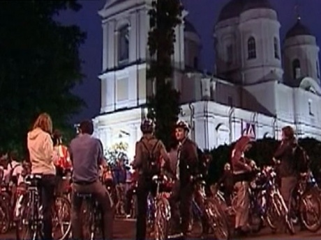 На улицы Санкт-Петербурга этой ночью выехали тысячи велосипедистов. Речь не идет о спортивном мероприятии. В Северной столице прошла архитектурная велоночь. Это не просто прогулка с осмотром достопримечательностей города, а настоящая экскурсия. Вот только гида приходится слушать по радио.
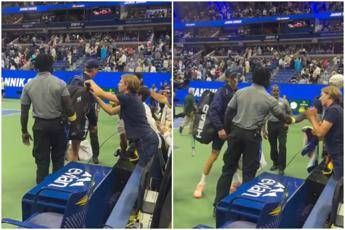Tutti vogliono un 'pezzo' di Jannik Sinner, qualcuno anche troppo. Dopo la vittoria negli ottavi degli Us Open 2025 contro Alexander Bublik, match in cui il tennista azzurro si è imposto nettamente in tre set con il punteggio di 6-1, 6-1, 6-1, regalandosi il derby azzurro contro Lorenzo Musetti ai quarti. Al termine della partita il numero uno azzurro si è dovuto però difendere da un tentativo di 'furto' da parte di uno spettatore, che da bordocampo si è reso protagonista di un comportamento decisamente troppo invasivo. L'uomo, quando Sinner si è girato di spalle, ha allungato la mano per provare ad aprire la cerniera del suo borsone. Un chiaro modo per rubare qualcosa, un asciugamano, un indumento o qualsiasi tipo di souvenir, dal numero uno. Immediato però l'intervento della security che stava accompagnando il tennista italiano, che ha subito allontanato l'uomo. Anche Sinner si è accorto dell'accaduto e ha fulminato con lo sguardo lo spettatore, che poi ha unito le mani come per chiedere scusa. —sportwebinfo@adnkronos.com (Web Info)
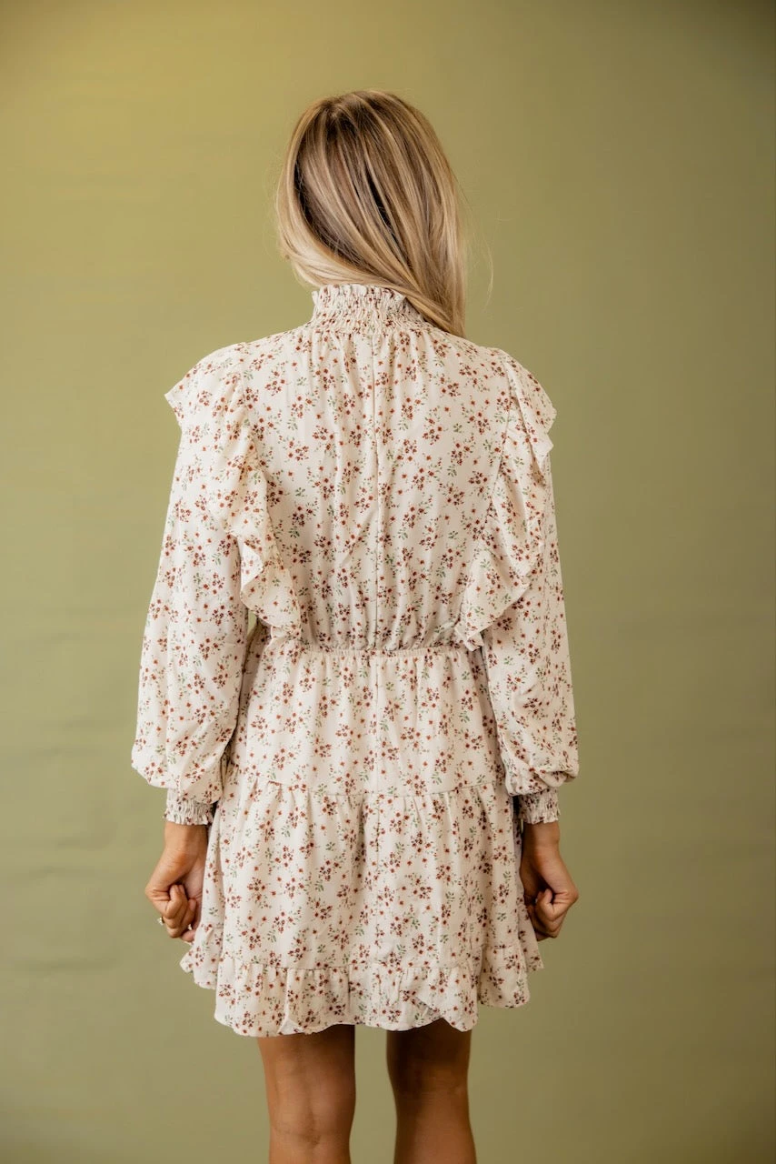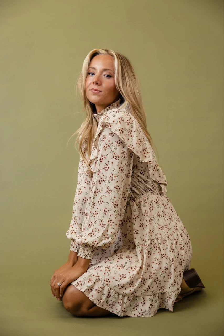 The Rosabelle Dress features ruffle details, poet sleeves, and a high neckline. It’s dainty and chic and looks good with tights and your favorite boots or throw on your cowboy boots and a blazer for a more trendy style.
-----
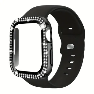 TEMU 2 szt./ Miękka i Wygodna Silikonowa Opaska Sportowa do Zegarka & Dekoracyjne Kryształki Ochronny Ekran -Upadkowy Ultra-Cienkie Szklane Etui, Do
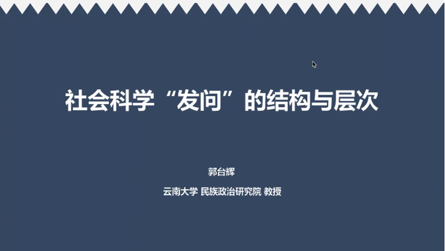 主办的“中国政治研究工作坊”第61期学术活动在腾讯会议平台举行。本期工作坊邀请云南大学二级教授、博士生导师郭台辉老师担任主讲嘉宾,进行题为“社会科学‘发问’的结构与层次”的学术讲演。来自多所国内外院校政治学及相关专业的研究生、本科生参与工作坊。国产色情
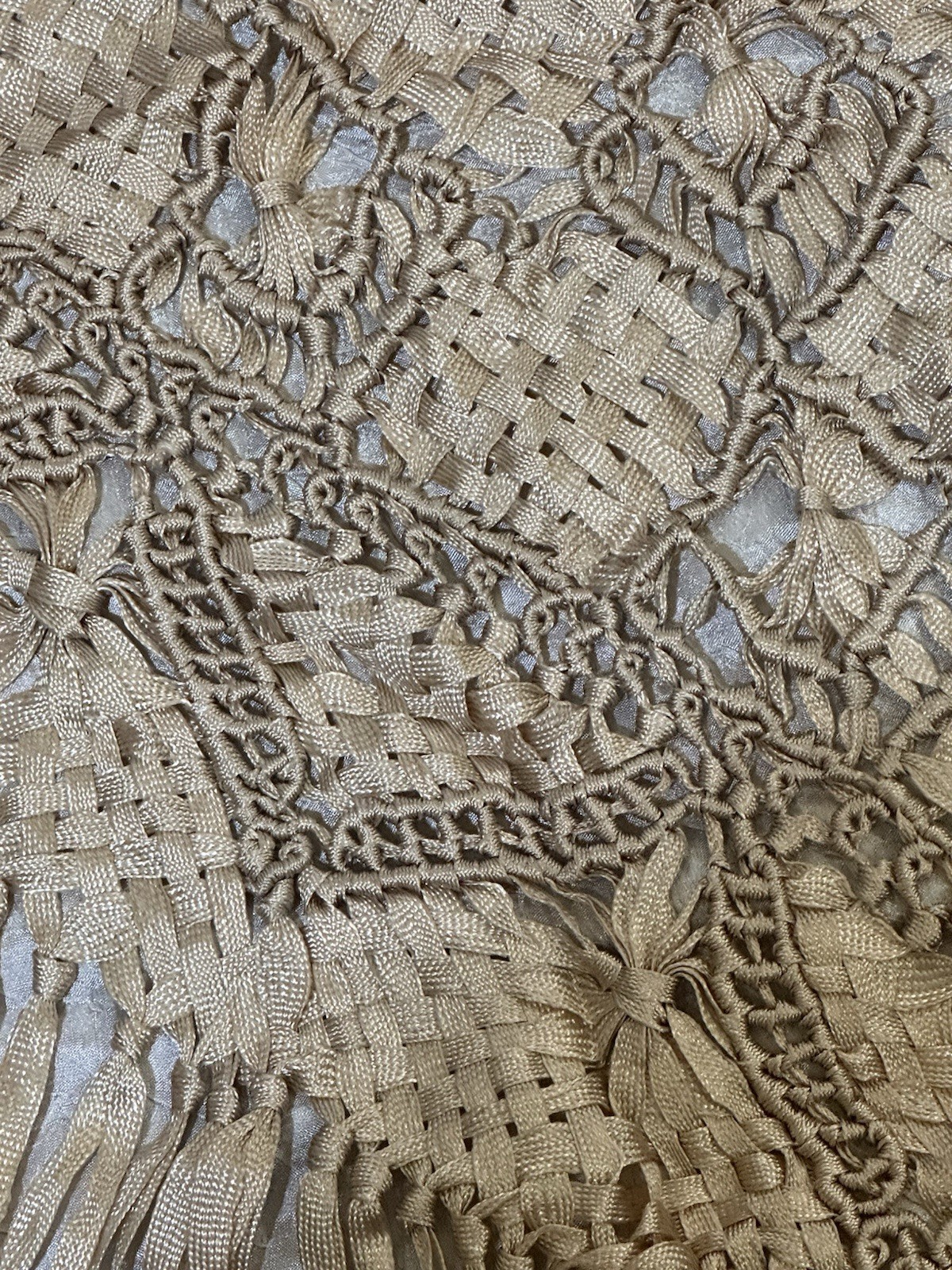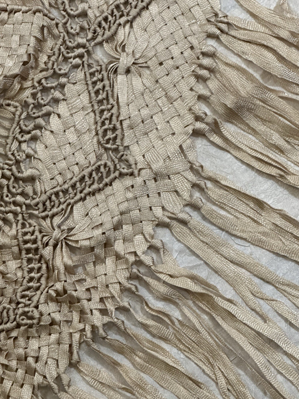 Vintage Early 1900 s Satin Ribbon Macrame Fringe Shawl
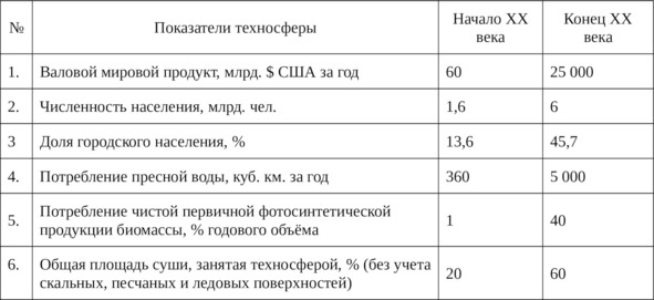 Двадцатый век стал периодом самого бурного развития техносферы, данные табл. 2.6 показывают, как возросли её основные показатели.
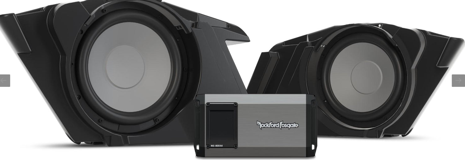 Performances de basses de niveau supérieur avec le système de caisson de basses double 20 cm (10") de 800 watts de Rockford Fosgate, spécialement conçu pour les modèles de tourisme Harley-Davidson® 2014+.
-----
• _Work instructions_:
Would you give again, exactly, the lines in the data above that run from the line containing "Tutti vogliono un" to the line containing "The Rosabelle Dress"? Include both ends and no pictures.

• _Solution_:
Tutti vogliono un 'pezzo' di Jannik Sinner, qualcuno anche troppo. Dopo la vittoria negli ottavi degli Us Open 2025 contro Alexander Bublik, match in cui il tennista azzurro si è imposto nettamente in tre set con il punteggio di 6-1, 6-1, 6-1, regalandosi il derby azzurro contro Lorenzo Musetti ai quarti. Al termine della partita il numero uno azzurro si è dovuto però difendere da un tentativo di 'furto' da parte di uno spettatore, che da bordocampo si è reso protagonista di un comportamento decisamente troppo invasivo. L'uomo, quando Sinner si è girato di spalle, ha allungato la mano per provare ad aprire la cerniera del suo borsone. Un chiaro modo per rubare qualcosa, un asciugamano, un indumento o qualsiasi tipo di souvenir, dal numero uno. Immediato però l'intervento della security che stava accompagnando il tennista italiano, che ha subito allontanato l'uomo. Anche Sinner si è accorto dell'accaduto e ha fulminato con lo sguardo lo spettatore, che poi ha unito le mani come per chiedere scusa. —sportwebinfo@adnkronos.com (Web Info)
 The Rosabelle Dress features ruffle details, poet sleeves, and a high neckline. It’s dainty and chic and looks good with tights and your favorite boots or throw on your cowboy boots and a blazer for a more trendy style.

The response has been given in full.